I'll be preaching to the choir on this, and if you ain't in the choir by now, all I can do is express my sympathies over the terrible head injury you must have suffered:
This is the first time that the Commission has ventured into the area of sponsoring investigative journalism. The action was prompted by a European Parliament amendment to the 2010 Budget of the European Union, and is in itself a recognition of the state of the media industry today. The Commission’s stated raison d’etre is that:
- Independent scrutiny of public affairs enables citizens to be properly informed of conduct in public life, and can therefore inform their participation in democratic processes.
- Much of the news media no longer invests in traditional journalistic scrutiny, due to failing economic conditions.
- Some media, particularly in broadcasting and online journalism, lack a culture of investigative journalism. There is also a lack of tradition of this type of journalism in some parts of Europe.
- Cross-border investigative journalism, in which journalists from different countries work together on issues of common public interest, is almost unknown.
It goes without saying that no investigation the massive endemic corruption within the EU institutions and the largesse they bestow will be tolerated. It is also clear that this is yet another example of the growing power and arrogance of the Enemy in Brussels.
Hat tip: Goodnight Vienna
6 comments:
Thanks for the h/t, TT, and you're right: there is a sense that we're blogging to the converted but there'll always be someone looking for info who stumbles across a blog and has an epiphany. We need to increase the size and strength of 'the choir' :-)
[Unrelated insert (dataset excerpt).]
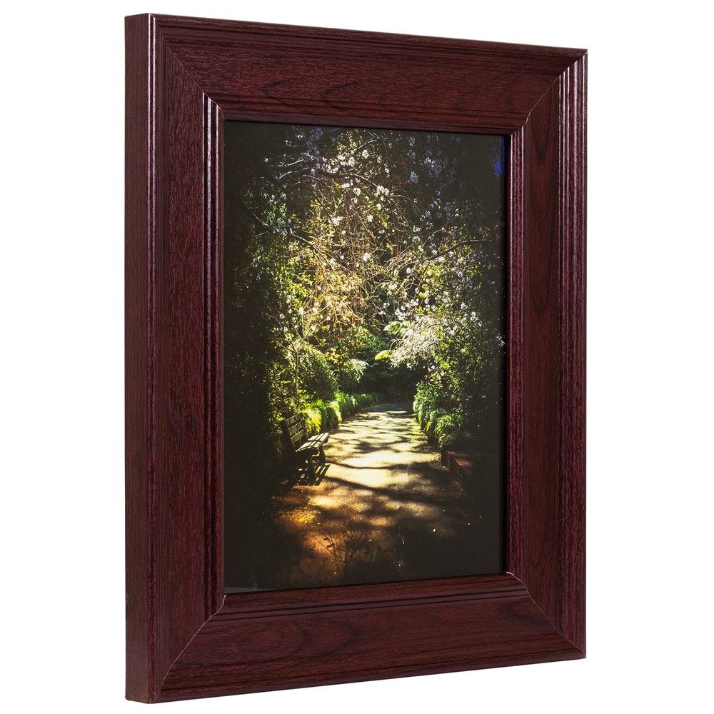 Contemporary style; burgundy red with dark undertones; smooth wrap finish Frame includes: acrylic facing, cardboard backing and wire hanging kit (some assembly required) Frame holds a 14 inch by 20 inch photo/print/poster (viewable area reduced by .25" on each side due to frame lip) Frame moulding is 2 inches wide; MDF wood composite; laminate wrap finish Frame is designed for WALL HANGING only (hanging hardware allows for portrait or landscape orientation)

The bigger the better, indeed. It was partly not wanting to bother explaining why exactly it strikes me as so sinister that made me frame it as I did.
What enrages me is the idea that this has something to do with 'independent scrutiny'. I'd laugh, but I have to keep a grip.
Takes a lot of bricks to build a house mate. Bloggers are always ahead of the media; a more reliable source and, more critical of anything they get wrong and are always the first to apologise.
Honourable people, you is. Cheers.
Steve
In a nutshell any news story has to go through (tweeked)by the EU ministry of propaganda first.
These people really are BAD NEWS.
Pun intended .
Nothing new in that, Trooper. Sad but nothing new in it.
Steve, your support is acknowledged.
Anon, I think they'd like to have such a control, but in the meantime they're trying to buy up journalists, and consolidate the legislation to muzzle critical coverage (maybe like in France, where they have something like a sedition law).
James, it's a new wart on the beast's nose. It keeps getting uglier.